With PT, meds, strength training and yoga (before I birthed two big babies, I had killer abs and could do a yoga headstand!), I got well and lived pain-free, until I woke up on January 4, 2016 with a familiar pain.Headstand4

For the first few weeks of this year, I lived in denial, hoping the pain would go away, that it was just a fluke. It didn’t, and then it got worse. My old pain was back. I once again turned to the long distance OB who originally diagnosed my pelvic floor dysfunction, and who now has an impressive job at the American College of Obstetrics and Gynecologists.
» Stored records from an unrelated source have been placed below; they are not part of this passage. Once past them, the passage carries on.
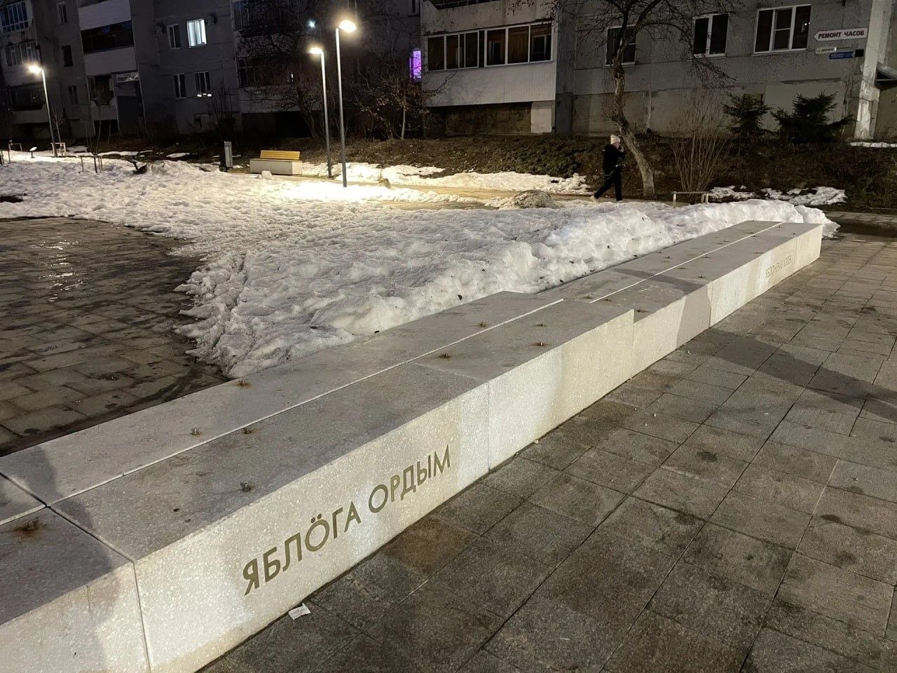 Вандалы вновь похитили золотые яблоки, установленные на благоустроенной территории.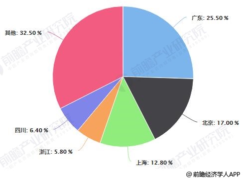 根据易观统计数据,广东是拥有最多游戏发行商的省份,数量占比为25.46%,比排名第二的北京高出8.44%。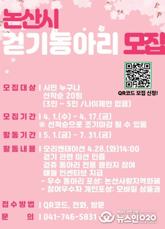 (뉴스인020 = 김성길 기자) 논산시는 오는 17일까지‘비대면 걷기동아리’참여자를 모집한다.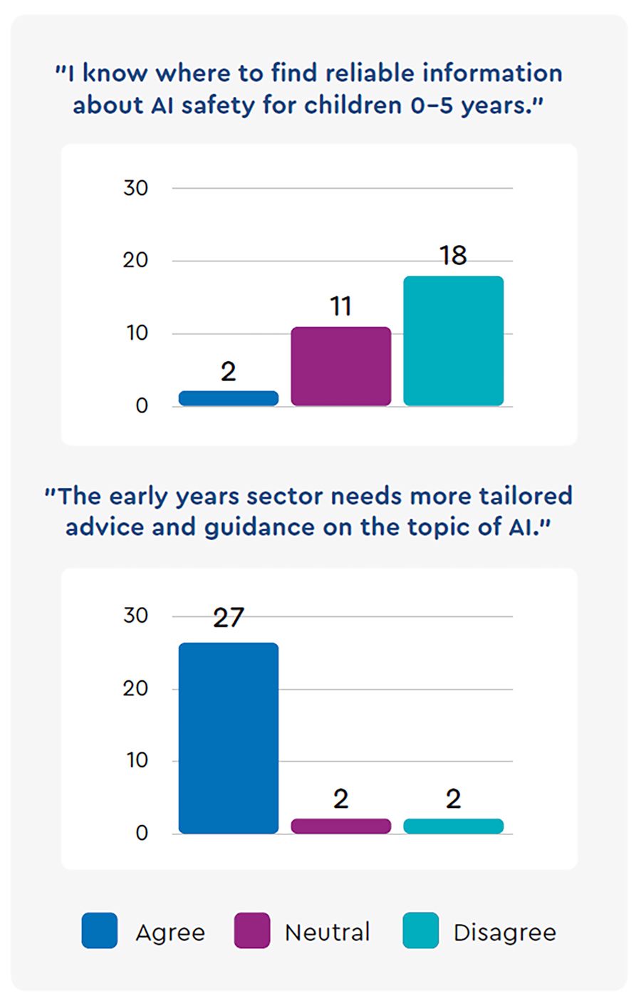 Nearly 50% of early years practitioners surveyed said they did not know where to find reliable AI safety information for young children, and 69% said the sector needed more guidance. They also raised concerns about safeguarding and affordability, with some fearing AI toys could widen the digital divide.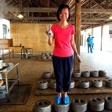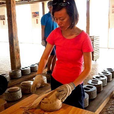 La compression se fait avec 357 g de thé déposés dans un cylindre dont le fond percé de petits trous laisse passer la vapeur. Le thé ainsi ramolli est tout de suite placé dans un linge en tissu, et compressé dans un moule en forme de galette par une lourde pierre. Un dernier séchage au soleil clôture le processus avant l’emballage.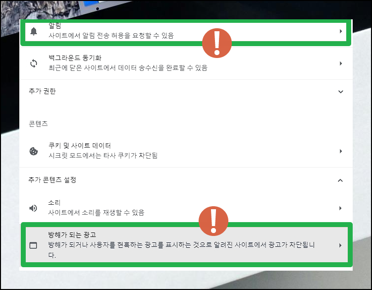 사이트 설정 페이지에서 찾아야 할 두 가지 중요한 메뉴가 있어요. 화면 위쪽에 있는 알림 설정과 추가 콘텐츠 설정 영역의 방해가 되는 광고 옵션입니다. 이 두 메뉴를 각각 클릭해서 들어가면 현재 허용되어 있는 사이트 목록을 확인할 수 있습니다. 여기서 불필요한 인터넷 광고창을 생성하는 사이트들을 찾아서 차단하거나 완전히 제거해주시면 됩니다.

Leading up to January 4th, my periods had been coming quite frequently, sometimes just two weeks apart and were painful and long. The OB explained that because I’m breastfeeding, it’s likely I’m not ovulating often. While my body is making enough estrogen for the uterine lining to grow, it’s not enough to release an egg, which has caused a buildup of lining. The lengthy periods with heavy clots triggered my latent injury.

In the past two weeks, I’ve bid a bittersweet adieu to the local OB who delivered my kids and moved to one who truly gets my troubles. I’ve switched to a stronger birth control pill and will take it continuously as I never need to get another period. I’ve started experimenting with prescription medicines that can help break the pain cycle (thankfully I can still breastfeed on them), but that hopefully won’t make me too foggy to be a present parent. I’ve also resumed pelvic PT.
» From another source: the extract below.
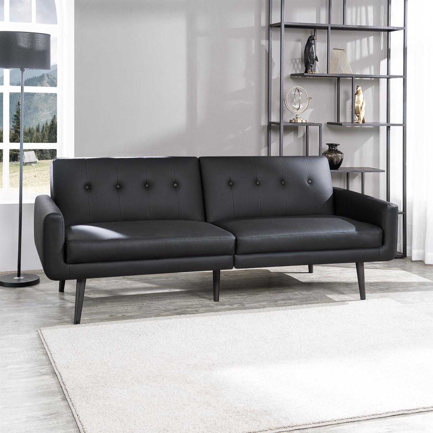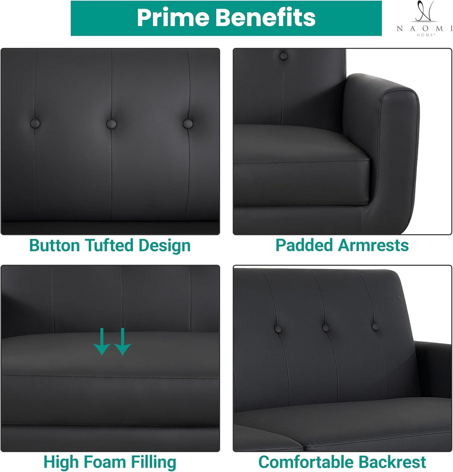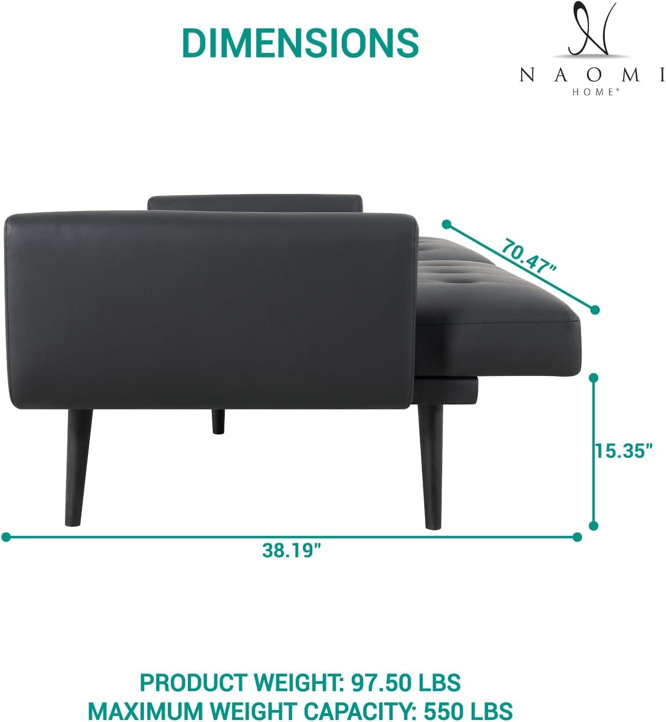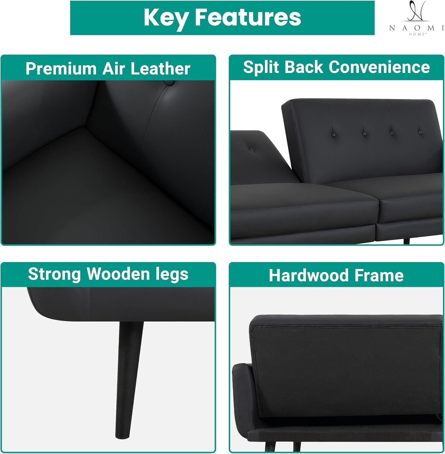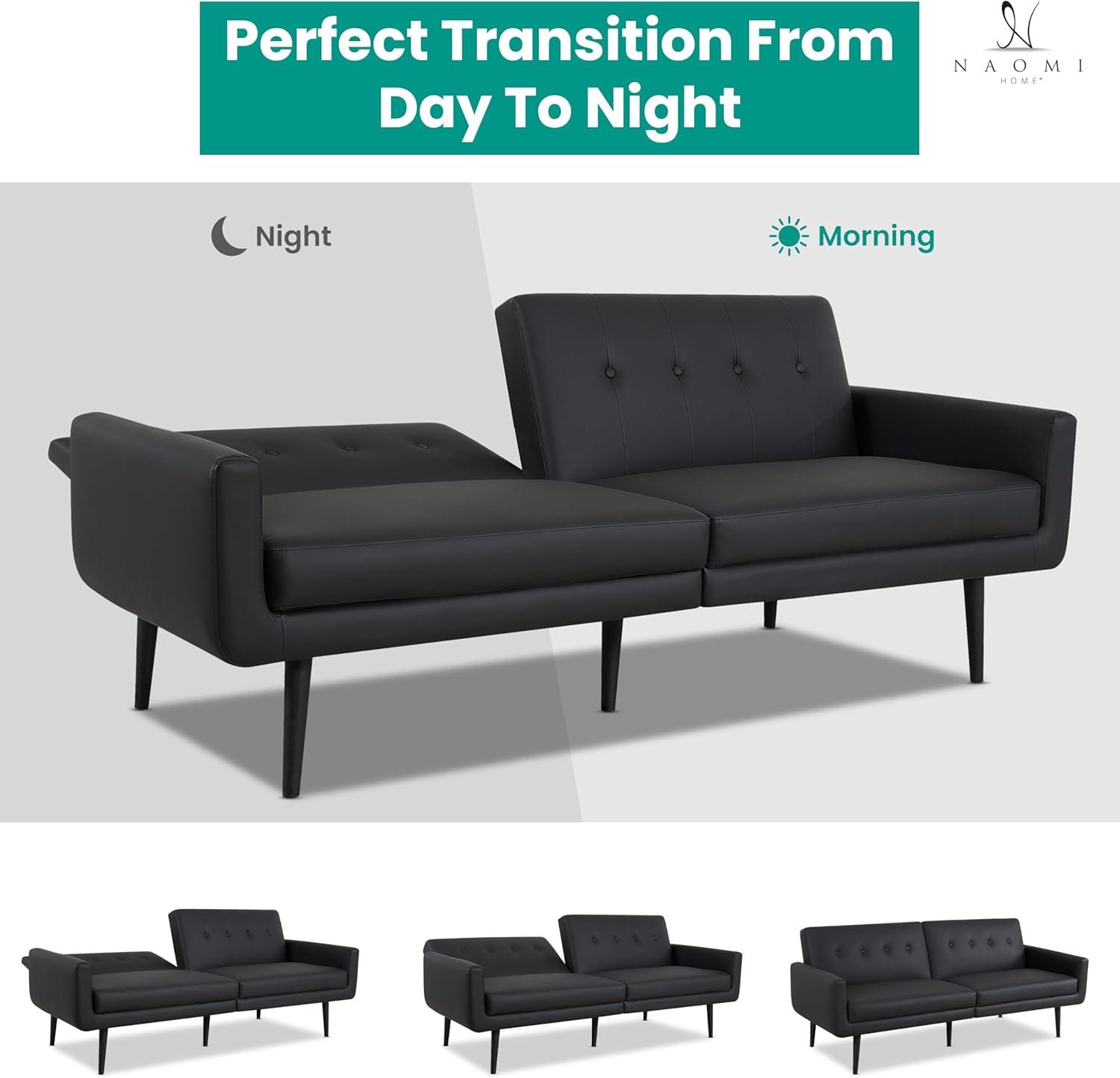 After living with it for a while,you find the Naomi Home monica Leather Futon Sofa convertible Couch Bed Split Back Premium Faux Leather Sleeper Couch Sofa for Living Room Mid Century Modern Fold Out Bed with Tapered Legs Black stops feeling like a delivery and more like a steady presence in the corner. In daily routines it quietly reshapes how the room is used — a place for reading, an extra bed on the odd night, a surface that gives a little under your weight and then settles. over time the faux leather softens at the places you touch most and small marks collect where things are set down,and its shape simply becomes part of regular household rhythms. It stays.

Lemme tell you, effective though it may be, pelvic PT (yes, PT that is performed inside of you, as well as external myofascial release) deserves its own circle of hell. Ouch!

I quickly fired my PT when I realized she wasn’t doing a good job, then flew to Illinois to revisit one of the best pelvic PTs in the country. She easily assessed what’s going on inside of me and what my new local PT can do to fix it.

My long distance OB and PT are my heroes. Their depth of knowledge and compassion has been a high point this year. During my trip to Illinois, my husband cared for our daughters without a glitch or tear, and my heart swells knowing how much love they share.

While I’d prefer to focus on the highs, there are many more lows of parenting in pain … I lose patience quickly. Our lives feel out of control. We added hours onto my preschooler’s school day to help me out, but I miss her. Being a sick mom triggers bad memories from my teen years when my mom was dying of cancer. But, though the severity of pelvic pain has been compared to cancer pain, I am not dying and oh my, do I have a lot to live for.

If pelvic pain feels like being buried alive under a pile of rubble, love for my husband and daughters is what gives me the strength to outsmart, claw and fight my way out. I know I will. And since exercise is part of my healing process, I might even have killer abs again one day.


  1. I’m so sorry you’re having to deal with this again. I think I underestimated your struggles this year. I hope you are on the path to complete healing now. Sending you lots of soothing energy and love. (And, hey, I recognize that photo! 🙂

    • I’m on the path…it’s bendy, swervy, hard, but I’ll get to the light. Thank you. I love that photo, and you!